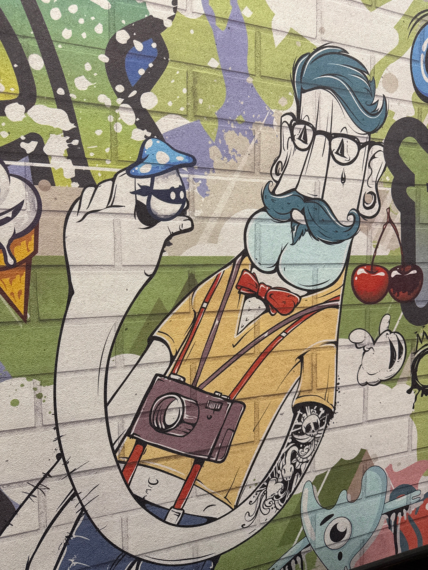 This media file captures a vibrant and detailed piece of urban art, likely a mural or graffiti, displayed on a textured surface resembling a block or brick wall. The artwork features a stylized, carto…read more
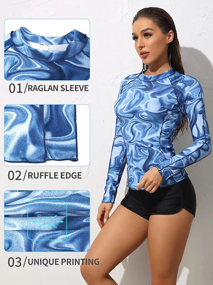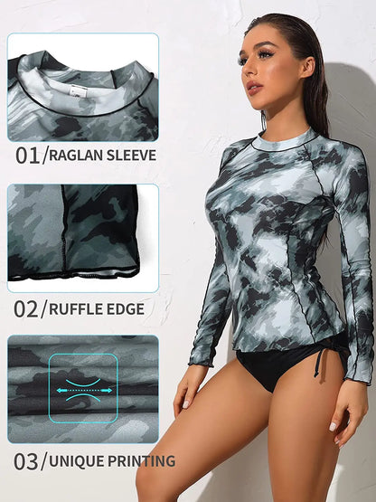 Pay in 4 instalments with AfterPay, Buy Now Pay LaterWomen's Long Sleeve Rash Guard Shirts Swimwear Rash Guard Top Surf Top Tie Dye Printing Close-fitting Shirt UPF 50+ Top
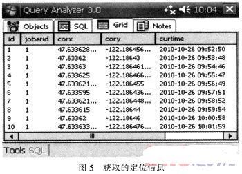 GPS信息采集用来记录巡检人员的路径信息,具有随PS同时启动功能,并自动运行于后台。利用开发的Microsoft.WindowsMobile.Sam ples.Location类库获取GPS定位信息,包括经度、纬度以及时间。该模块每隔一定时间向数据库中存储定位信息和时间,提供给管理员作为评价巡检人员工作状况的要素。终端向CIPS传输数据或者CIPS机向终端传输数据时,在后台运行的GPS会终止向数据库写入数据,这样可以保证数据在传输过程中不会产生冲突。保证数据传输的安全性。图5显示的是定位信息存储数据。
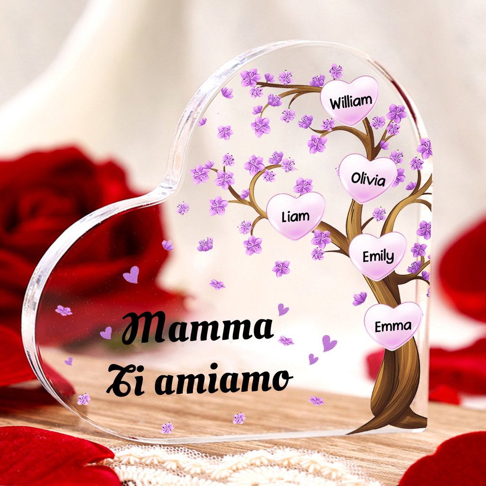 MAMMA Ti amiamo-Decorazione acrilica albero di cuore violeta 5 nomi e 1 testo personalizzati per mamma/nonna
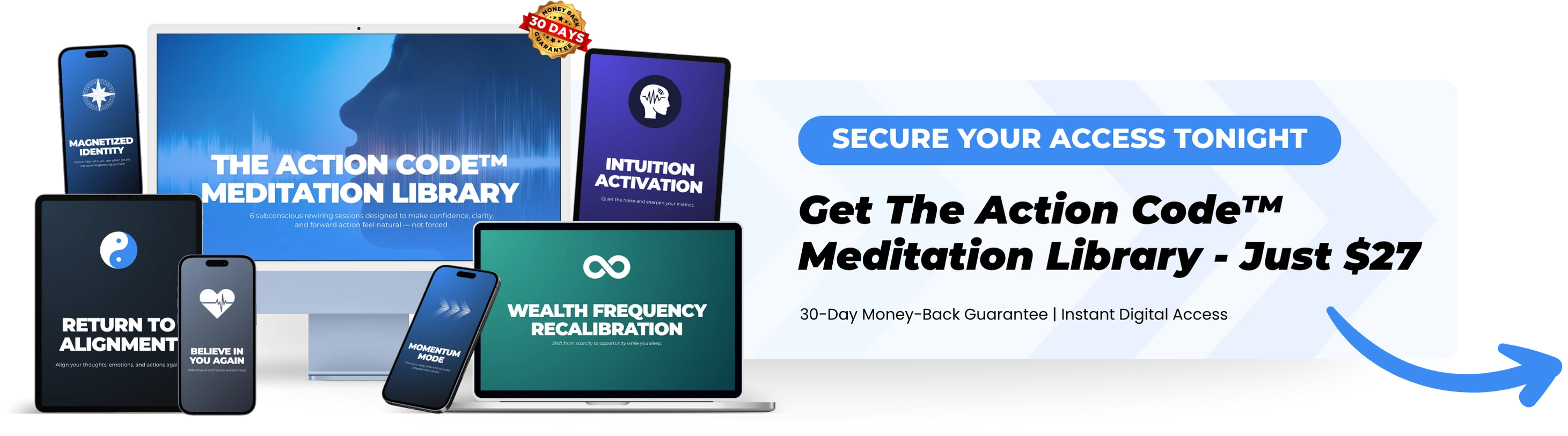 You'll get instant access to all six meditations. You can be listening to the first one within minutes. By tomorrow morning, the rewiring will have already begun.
###
Only the lines from the start of the material through the line containing "MAMMA Ti amiamo-Decorazione" should be transcribed. Pictures stay out.

● Exercise solution
 This media file captures a vibrant and detailed piece of urban art, likely a mural or graffiti, displayed on a textured surface resembling a block or brick wall. The artwork features a stylized, carto…read more
 Pay in 4 instalments with AfterPay, Buy Now Pay LaterWomen's Long Sleeve Rash Guard Shirts Swimwear Rash Guard Top Surf Top Tie Dye Printing Close-fitting Shirt UPF 50+ Top
 GPS信息采集用来记录巡检人员的路径信息,具有随PS同时启动功能,并自动运行于后台。利用开发的Microsoft.WindowsMobile.Sam ples.Location类库获取GPS定位信息,包括经度、纬度以及时间。该模块每隔一定时间向数据库中存储定位信息和时间,提供给管理员作为评价巡检人员工作状况的要素。终端向CIPS传输数据或者CIPS机向终端传输数据时,在后台运行的GPS会终止向数据库写入数据,这样可以保证数据在传输过程中不会产生冲突。保证数据传输的安全性。图5显示的是定位信息存储数据。
 MAMMA Ti amiamo-Decorazione acrilica albero di cuore violeta 5 nomi e 1 testo personalizzati per mamma/nonna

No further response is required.